> _Brief_
Leave the pictures aside and copy all the data exactly.

> _Given information_
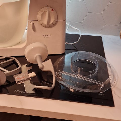 Kenwood PRO 1500 kjøkkenmaskin i hvit farge med tilbehør for ulike matlagingsoppgaver. Maskinen har en kraftig motor og leveres med deler som , eltekroker og kjøttkvern, egnet for allsidig bruk på kjøkkenet.
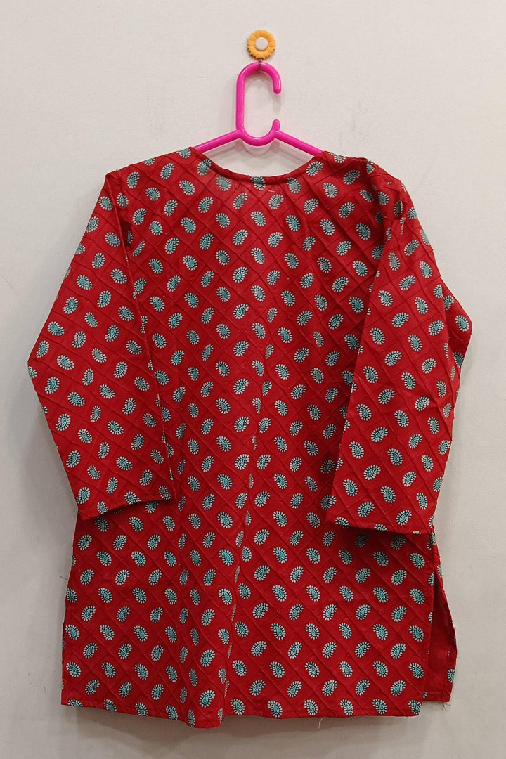 Description : Pin tuck pure cotton tunic in red with paisley motifs in green
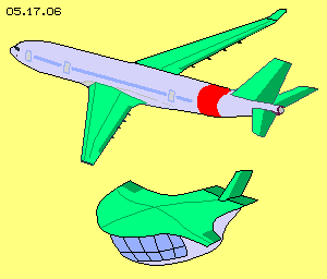 The internal installed bowl-engines replace the external jet-engines, so the air-resistance will be reduced (see picture 05.17.06). The performance of the bowl-engines is constant at all heights. The new engine is much lighter and easier to build with corresponding advantages of costs and for maintenance. Last but not least, these airplanes are silent like gliders.

> _Result of this task_
 Kenwood PRO 1500 kjøkkenmaskin i hvit farge med tilbehør for ulike matlagingsoppgaver. Maskinen har en kraftig motor og leveres med deler som , eltekroker og kjøttkvern, egnet for allsidig bruk på kjøkkenet.
 Description : Pin tuck pure cotton tunic in red with paisley motifs in green
 The internal installed bowl-engines replace the external jet-engines, so the air-resistance will be reduced (see picture 05.17.06). The performance of the bowl-engines is constant at all heights. The new engine is much lighter and easier to build with corresponding advantages of costs and for maintenance. Last but not least, these airplanes are silent like gliders.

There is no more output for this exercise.